◆ **TASK BRIEF**: Write out the listing below exactly, and omit any images you find in it.

◆ **DATA EXTRACT**:
--*--

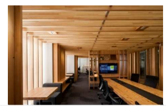
株式会社イトーキ Tokyo innovation center SYNQA
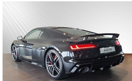
Audi Zentrum Kiel schmidt&hoffmann mobilität
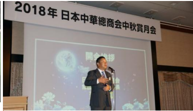
蕭理事長のご挨拶
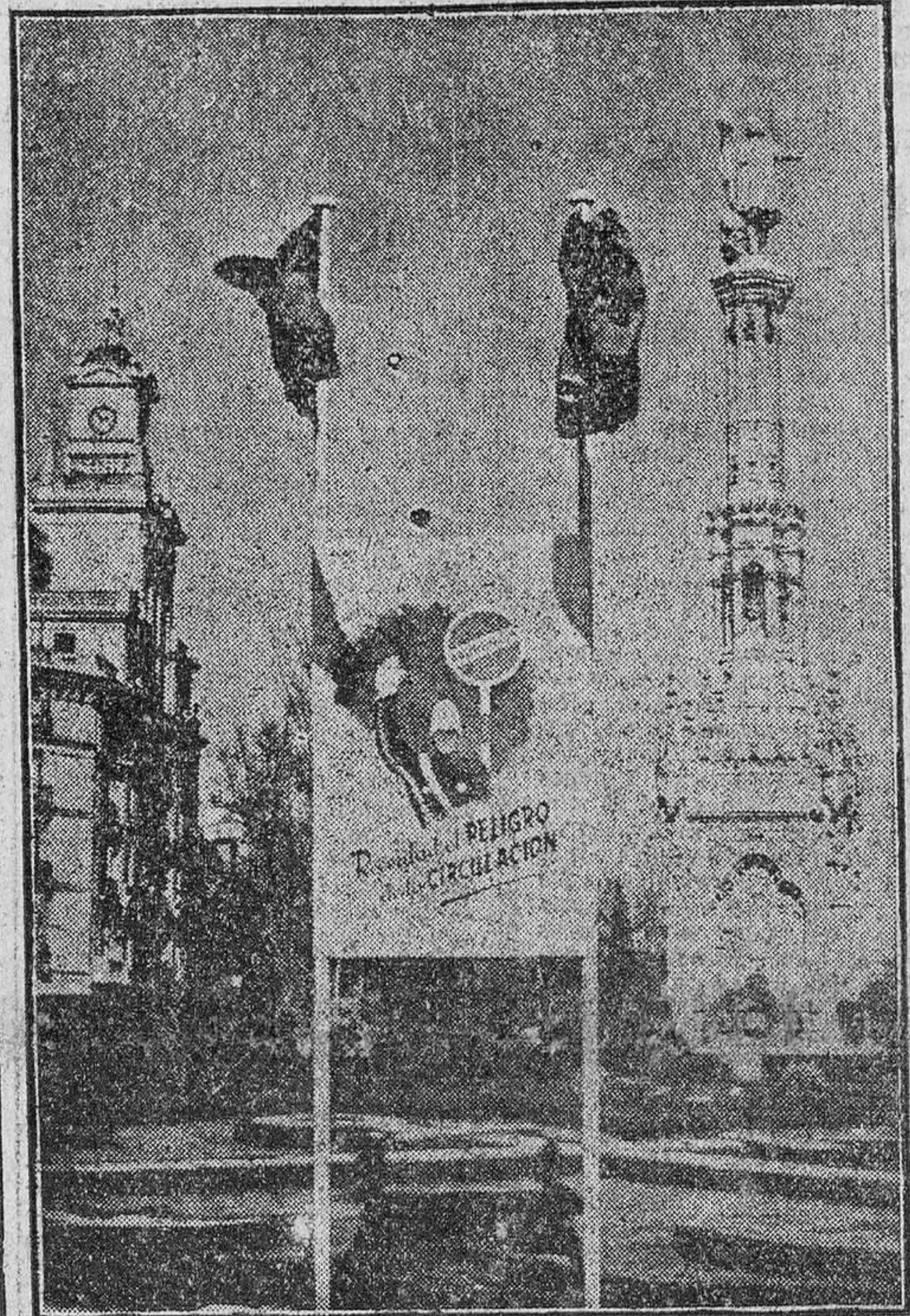
Seguindo la Campana de la Prudencia en la circulación, el Ayuntamiento, entre otras propagandas, ha colocado en las principales calles y plazas de Madrid carteles con dibujos alusivos a la Campana.

--*--

◆ **TASK OUTPUT**:
株式会社イトーキ Tokyo innovation center SYNQA
Audi Zentrum Kiel schmidt&hoffmann mobilität
蕭理事長のご挨拶
Seguindo la Campana de la Prudencia en la circulación, el Ayuntamiento, entre otras propagandas, ha colocado en las principales calles y plazas de Madrid carteles con dibujos alusivos a la Campana.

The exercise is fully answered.